The United States, Canada and 18 other countries committed at the COP26 climate summit on Thursday to stop public financing for fossil fuel projects abroad by the end of next year, and steer their spending into clean energy instead.
Campaigners called the commitment a “historic” step in turning off the funding taps for fossil fuel projects. But it did not include major Asian countries responsible for the bulk of such financing abroad.
By covering all fossil fuels, including oil and gas, the deal goes further than a pledge made by G20 countries this year to halt overseas financing for just coal.
The 20 countries that signed the pledge include Denmark, Italy, Finland, Costa Rica, Ethiopia, Gambia, New Zealand and the Marshall Islands, plus five development institutions including the European Investment Bank and the East African Development Bank.
“We will end new direct public support for the international unabated fossil fuel energy sector by the end of 2022,” they said in a declaration.

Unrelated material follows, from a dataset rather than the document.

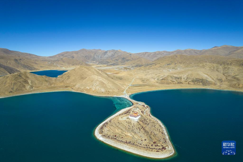 這是11月16日拍攝的羊卓雍措和坐落在湖畔的日托寺(無人機(jī)照片)。新華社記者 孫瑞博 攝

That would cover coal, oil and gas projects that are “unabated” – meaning that they burn fossil fuels without using technology to capture the resulting CO2 emissions.
The deal allowed for exemptions in unspecified “limited” circumstances, which it said must be consistent with the Paris Agreement’s target to cap global warming at 1.5C.
Countries that signed the pledge together invested nearly US$18 billion on average each year in international fossil fuel projects from 2016-2020, according to analysis by non-profit Oil Change International.